Re: xinerama and struts



Hi Havoc,

On 12 Sep 2002, Havoc Pennington wrote:

> > 	This is actually a bug. The panel shouldn't be allowed on the
> > dividing line - its logged in bugzilla. There should only be 6 allowed
> > panel positions in that case.
>
> To me allowing the dividing line makes sense. Disallowing it is a punt
> solution that makes things easier to implement - which is fine with me
> - but I don't see anything _wrong_ with allowing the panel on the
> dividing line. It makes sense, if you are using the two monitors as
> effectively separate workspaces and only using xinerama rather than
> real multihead in order to enable moving windows between monitors.

	Well the way I thought about it was that with Xinerama it is
only a single workarea you have. That's why there isn't a desktop
drawn on each monitor, just one for all monitors. If we're going with
the model that each Xinerama monitor is a seperate workarea what do we
do about _NET_WORKAREA ?

	If we're going with a single workarea model, then it doesn't
make sense to allow the panel to split it in two ...

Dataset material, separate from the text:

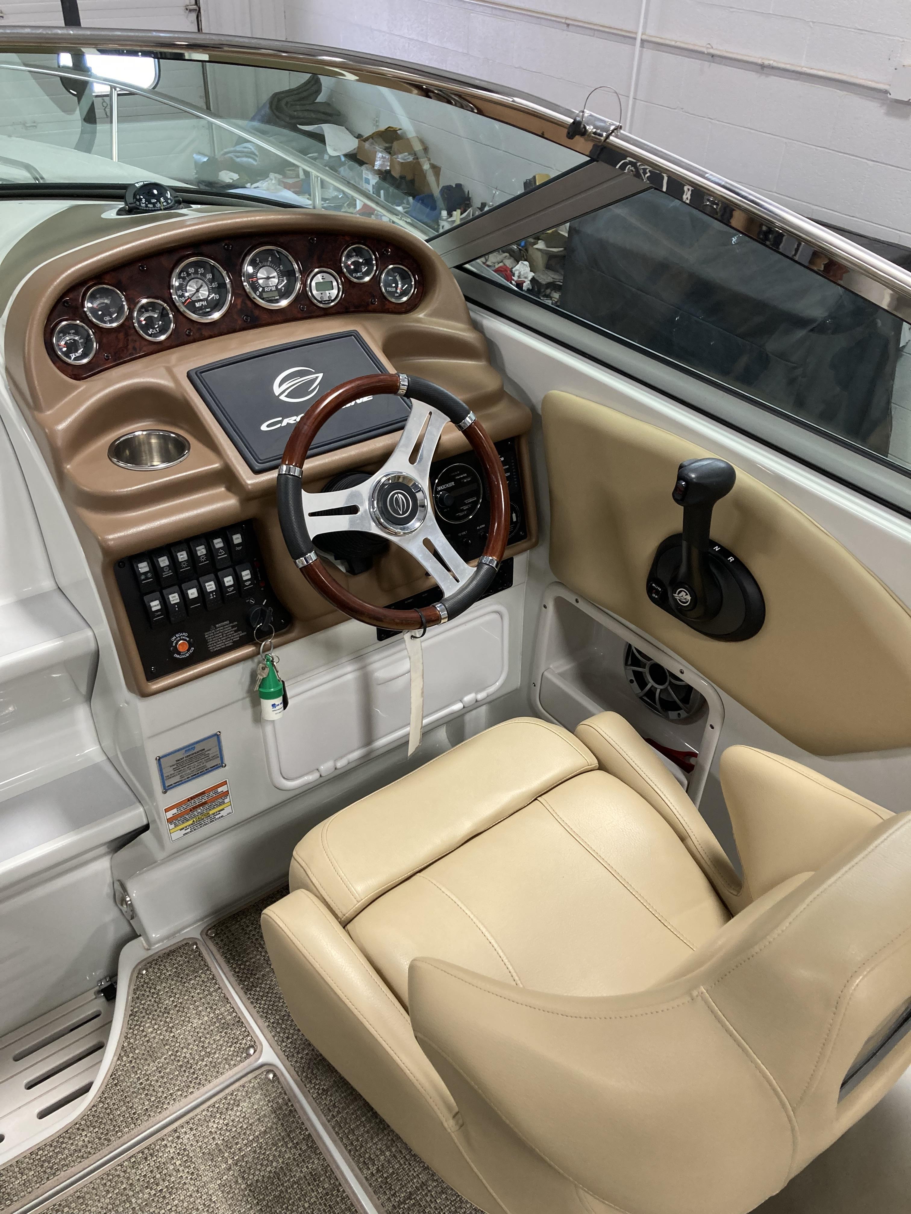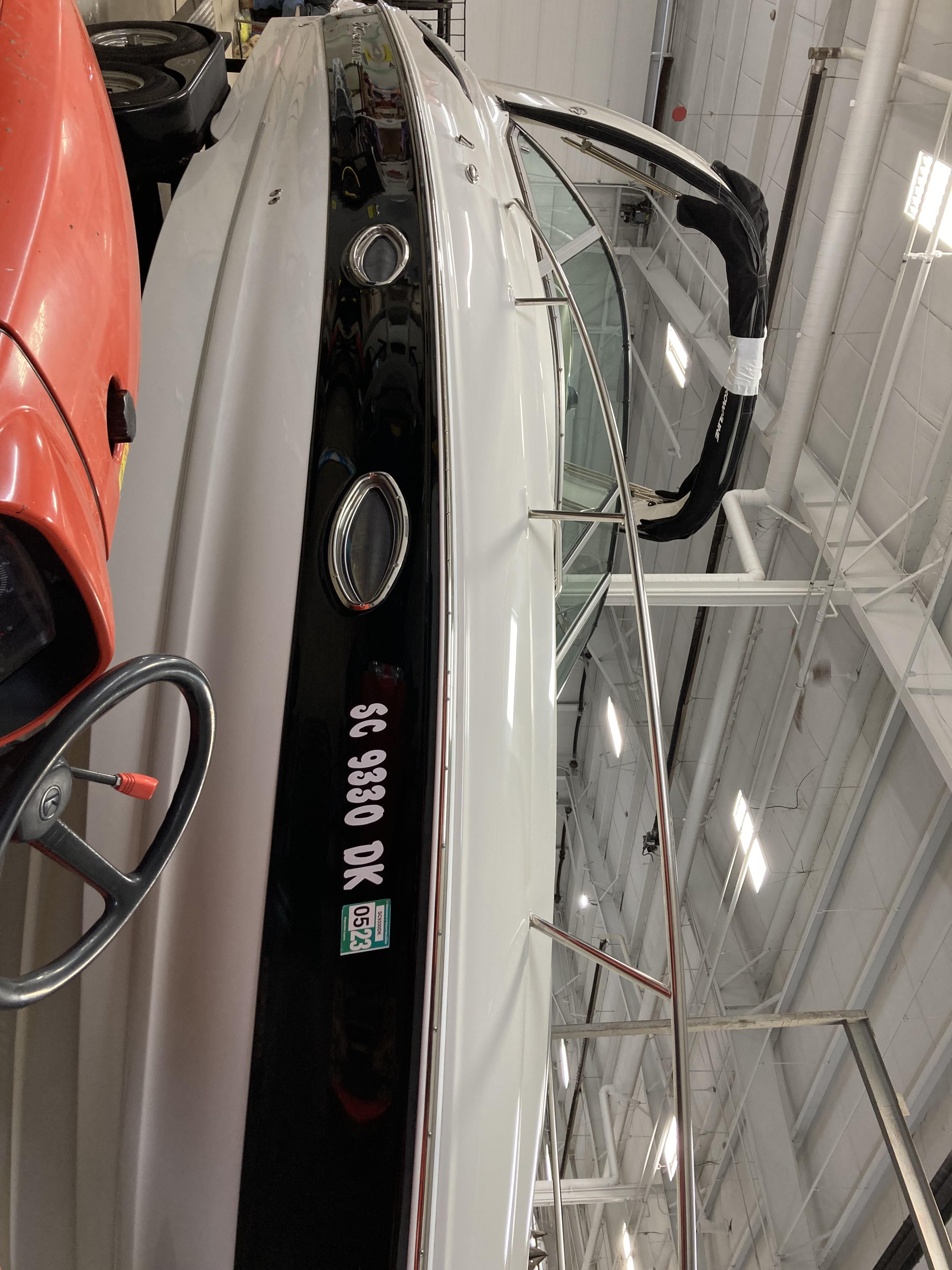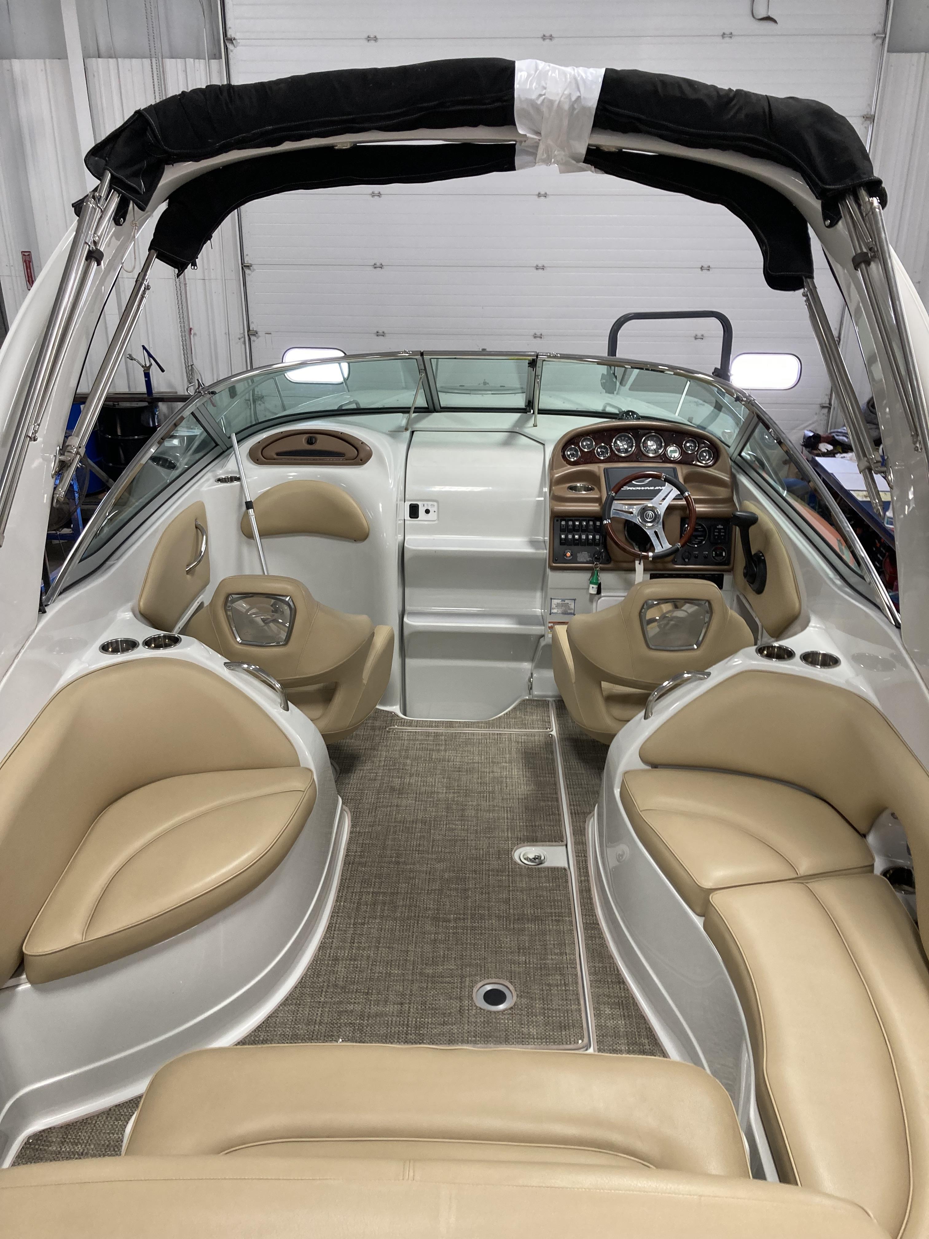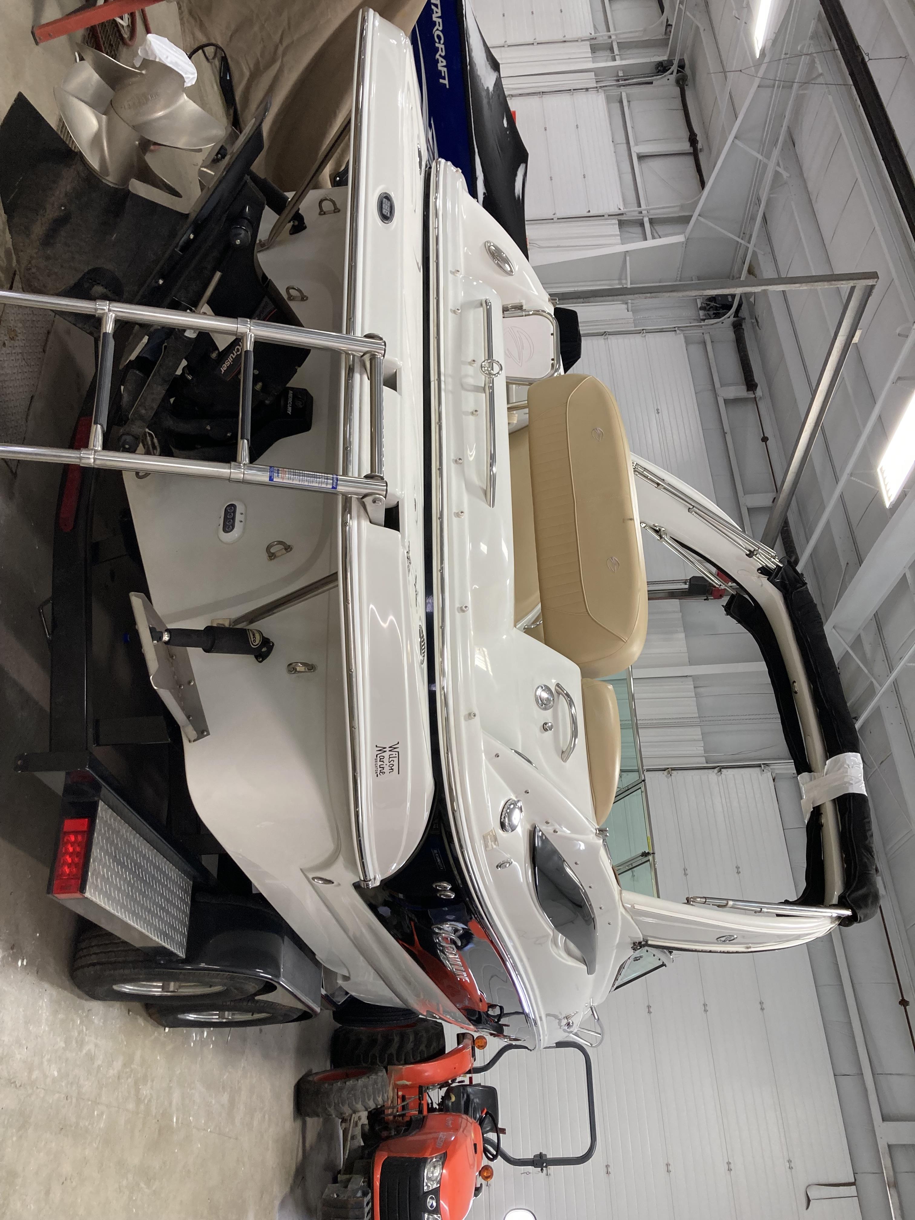 Boat has only 32 hours and a FRESH WATER boat! Boat is in great condition! Boat comes with tandem axle trailer, bow and cockpit covers, full fiberglass arch with bimini top, rear swim deck with ladder, bluetooth stereo and speakers. full seagrass snap-in flooring, fridge, microwave and sink, front bow rail and so much more!

> > 	Because the "panel on the dividing" line is a non issue, at
> > least for GNOME, the issue is essentially the same as having a panel
> > that does not occupy a full strut - e.g. a floating panel - I'd much
> > prefer some sort of a partial width strut solution to the one above.
>
> Partial width struts (not bound to Xinerama) cause a lot of
> implementation complexity in the window manager because your "work
> area" suddenly isn't a rectangle - I'm almost inclined to handle
> corner panels by not setting the strut at all, or devising some way to
> use the strut only for maximization and ignore it otherwise, or
> something... partial struts bound to xinerama are easy because there's
> already a per-Xinerama work area to worry about.

	Hmm, well I'd imagine as far as _NET_WORKAREA goes, it would
ignore the fact that some stuts aren't the full width.BY far the most
reported problem I've seen is that if you have a panel on the top edge
of one monitor, you can't move a window to the top of the monitor
beside it ... This would be fixed with partial width struts.

> Basically with corner panels people seem to be trying to save some
> screen real estate vs. a full panel, so they want to be able to move
> stuff up next to the corner panel - what is the strut for then? Only
> maximization? Does that make any sense - I'm not sure?

	Hmm, well I don't see that the meaning of the strut has
changed - its still an area on the screen reserved by the dock - its
just specified more precisely ...

Good Luck,
Mark.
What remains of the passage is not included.